*** Dataset section ***

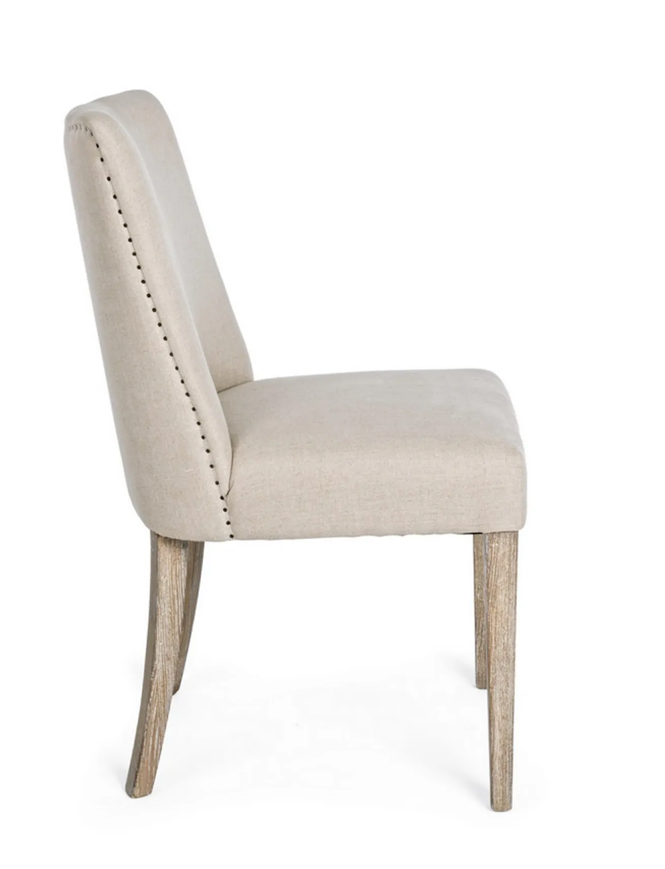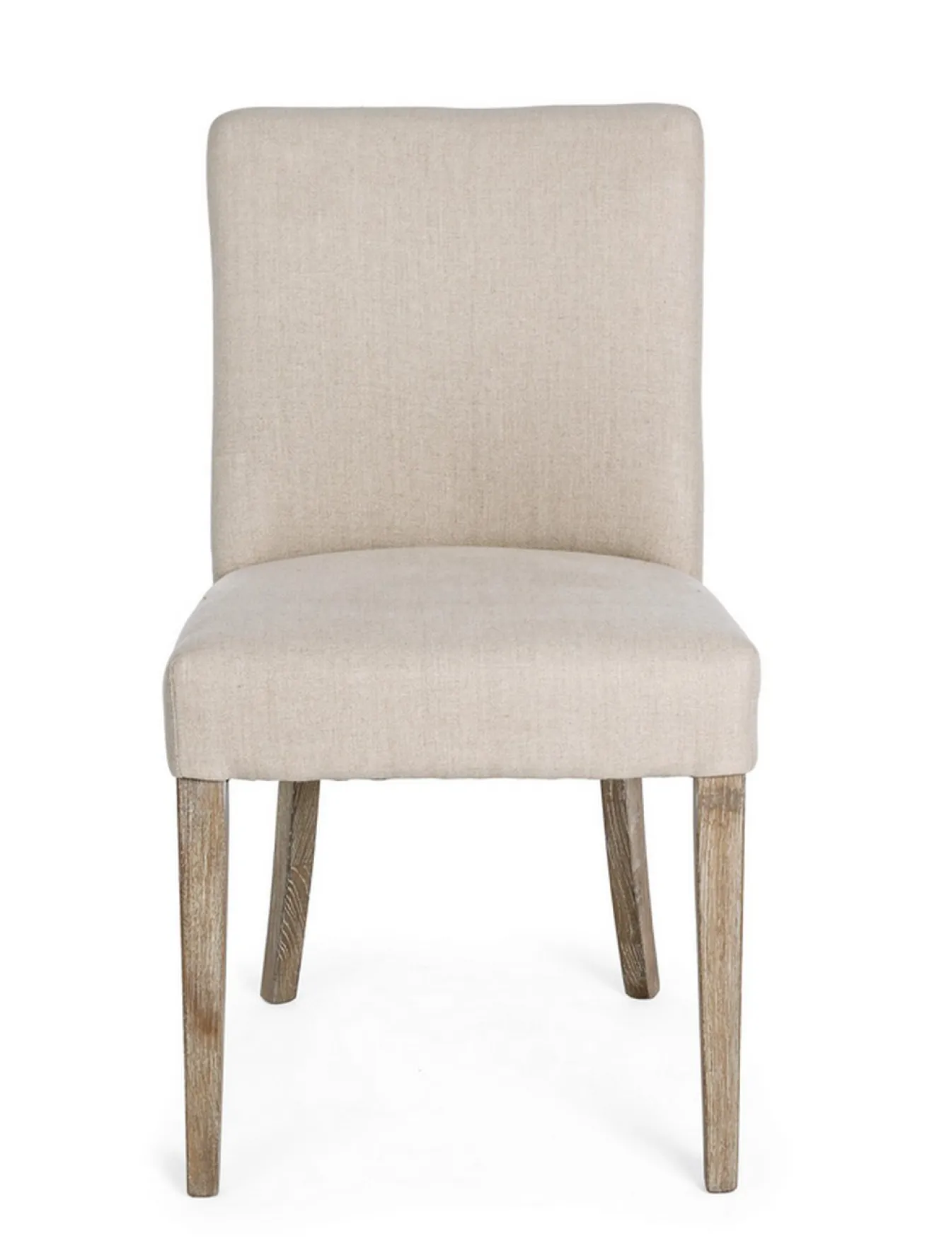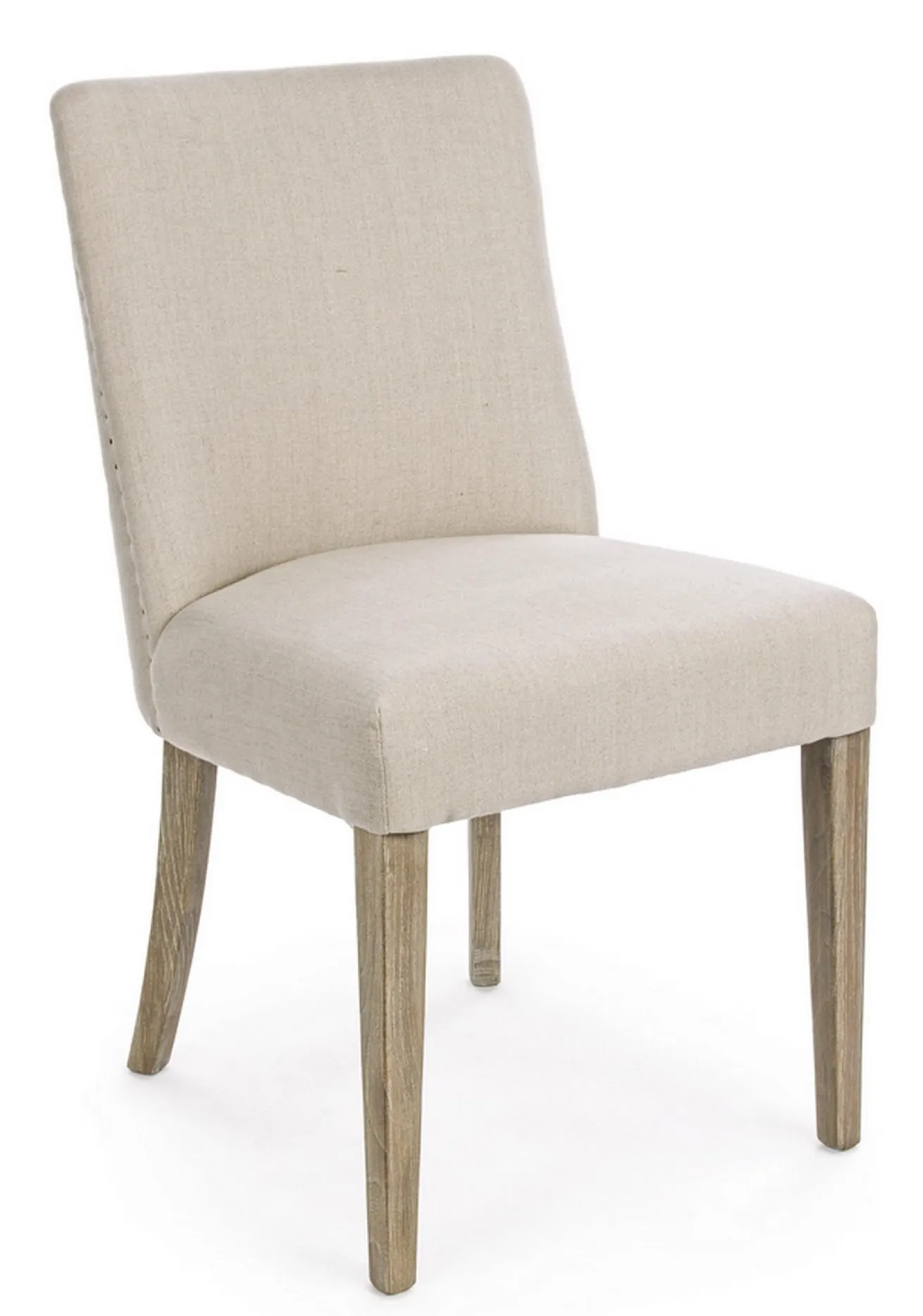 Hauchen Sie Ihrem modernen Wohnzimmer ein wenig Klassik ein! Wie das geht? Vielleicht mit diesem weich gepolsterten Küchenstuhl Beatrice, der dank seiner Farbwahl auch in Räumlichkeiten im Skandistil hineinpasst. Der Korpus ist mit naturfarbenem Leinen bezogen, einem flusenfreien Stoff, der schmutzabweisend ist und somit hervorragend auf Stühle passt, auf denen gegessen wird. Kombiniert wird die Farbe mit dem naturfarbenen Korpus aus Eichenholz. Diese Holzart zeichnet sich durch seine natürlich-warme Farbgebung aus, und findet sich oft in skandinavisch eingerichteten Häusern wieder. Warum dann nicht beides miteinander kombinieren und ein Esszimmer der etwas anderen Art gestalten?
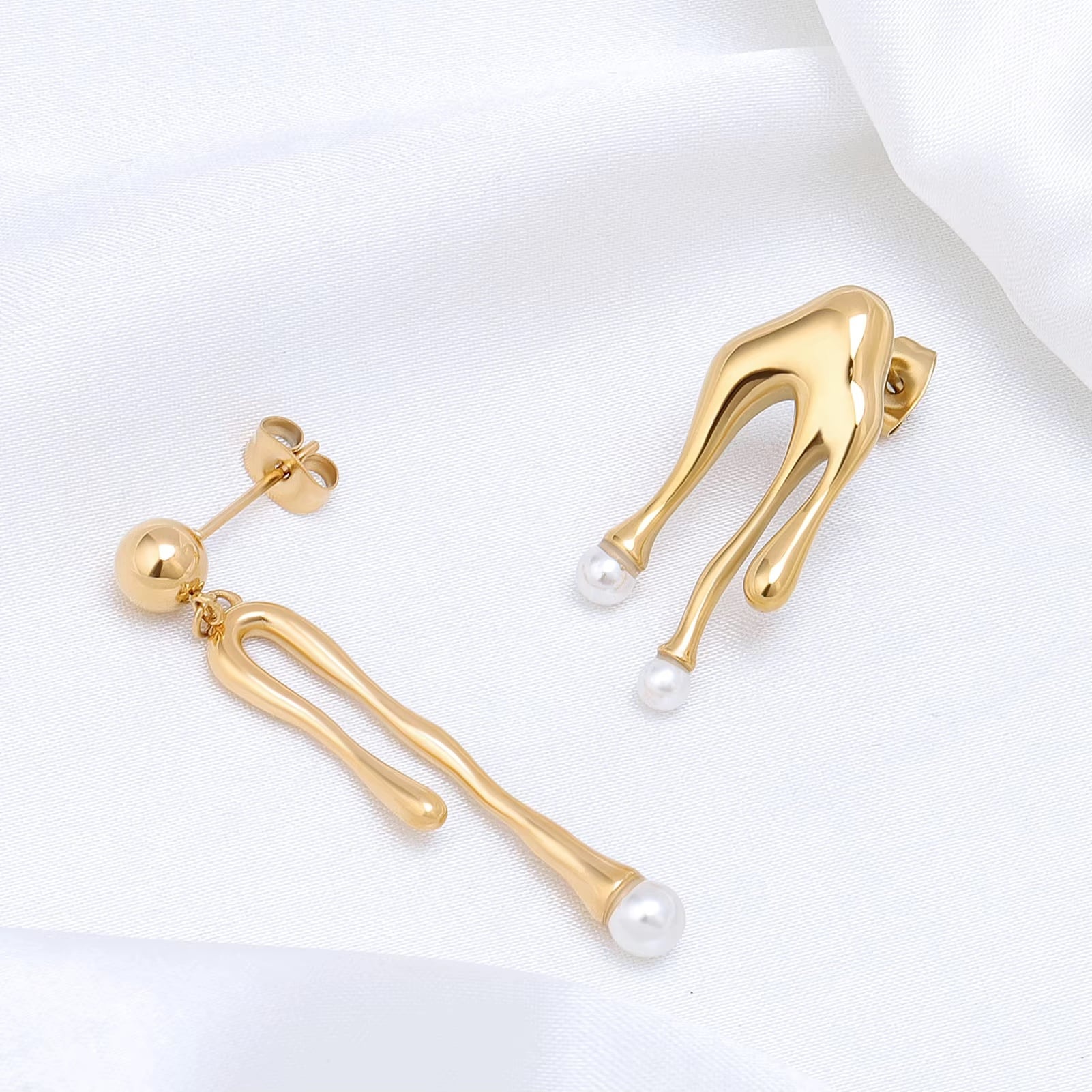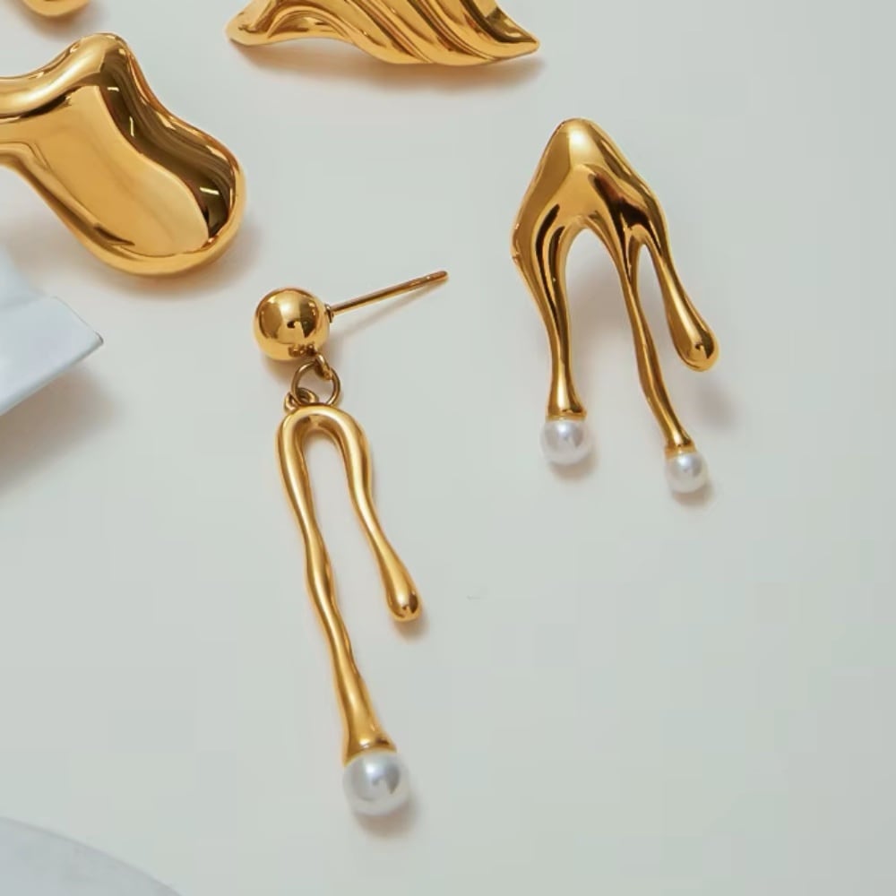 ゴールドの雫が耳元に流れ落ちたような、しなやかでアーティスティックなデザイン。
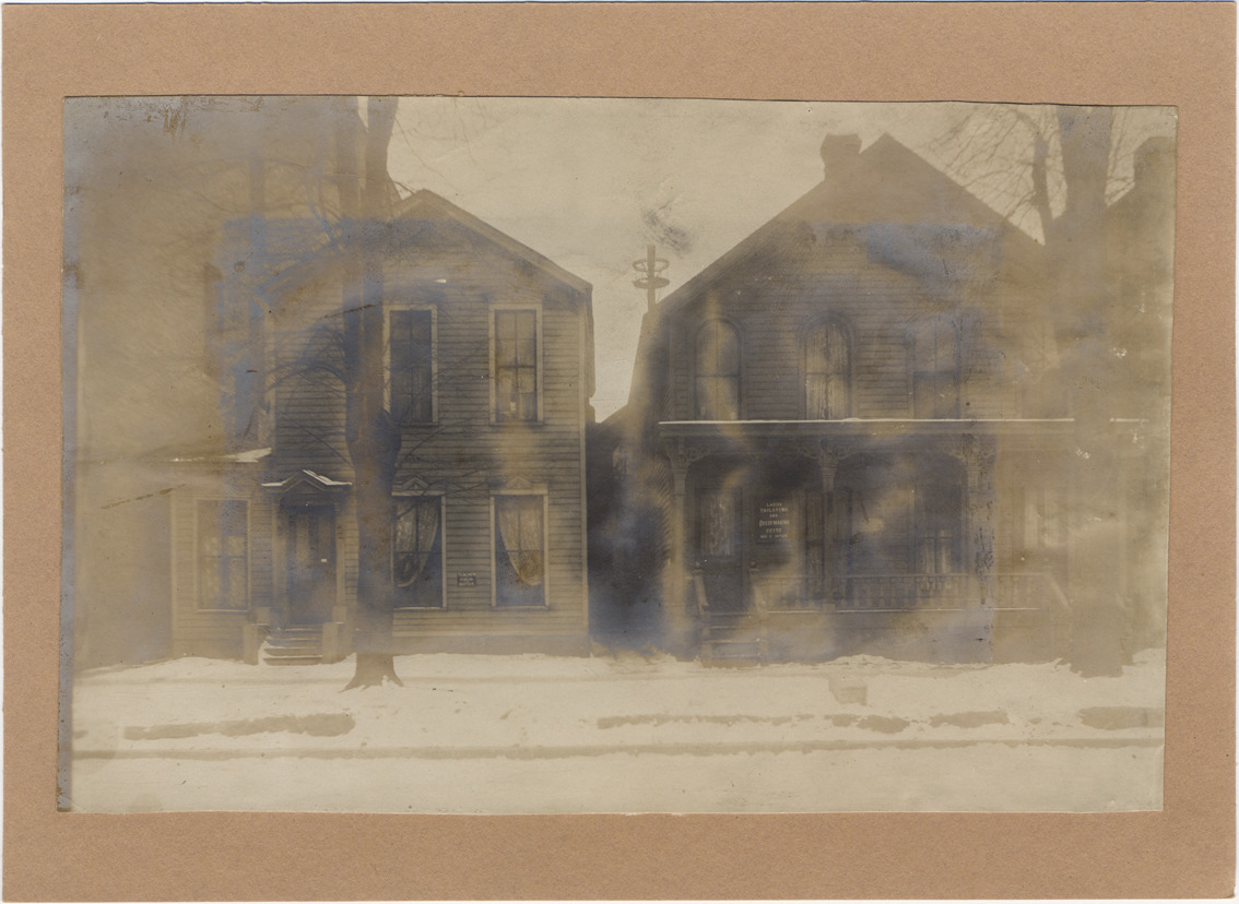 Favorite this☆ Unidentified houses on Miami Avenue Description: Two clapboard houses located on Miami Avenue, house on right advertises for tailoring and dressmaking. Handwritten on back: "___ side Miami Ave. south of Hartz Bldg. midway between Witherell & John R, Jan. 11, 1906." Details Resource ID: DPA4364 Subject: Wooden-frame houses--Michigan--Detroit Photographic prints Date Issued: 1906-01-11 Format: 1 photographic print mounted on stock ; image 4.5 x 6.75 in. Member of: Burton Historical Collection Filing Location: D/Streets-Miami Rights: Physical rights are retained by DPL. Copyright is retained in accordance with U.S. copyright laws.

*** End of Dataset section ***

What you need to do: Omit the pictures, then output the rest of the listing exactly.

Answer to this exercise:
 Hauchen Sie Ihrem modernen Wohnzimmer ein wenig Klassik ein! Wie das geht? Vielleicht mit diesem weich gepolsterten Küchenstuhl Beatrice, der dank seiner Farbwahl auch in Räumlichkeiten im Skandistil hineinpasst. Der Korpus ist mit naturfarbenem Leinen bezogen, einem flusenfreien Stoff, der schmutzabweisend ist und somit hervorragend auf Stühle passt, auf denen gegessen wird. Kombiniert wird die Farbe mit dem naturfarbenen Korpus aus Eichenholz. Diese Holzart zeichnet sich durch seine natürlich-warme Farbgebung aus, und findet sich oft in skandinavisch eingerichteten Häusern wieder. Warum dann nicht beides miteinander kombinieren und ein Esszimmer der etwas anderen Art gestalten?
 ゴールドの雫が耳元に流れ落ちたような、しなやかでアーティスティックなデザイン。
 Favorite this☆ Unidentified houses on Miami Avenue Description: Two clapboard houses located on Miami Avenue, house on right advertises for tailoring and dressmaking. Handwritten on back: "___ side Miami Ave. south of Hartz Bldg. midway between Witherell & John R, Jan. 11, 1906." Details Resource ID: DPA4364 Subject: Wooden-frame houses--Michigan--Detroit Photographic prints Date Issued: 1906-01-11 Format: 1 photographic print mounted on stock ; image 4.5 x 6.75 in. Member of: Burton Historical Collection Filing Location: D/Streets-Miami Rights: Physical rights are retained by DPL. Copyright is retained in accordance with U.S. copyright laws.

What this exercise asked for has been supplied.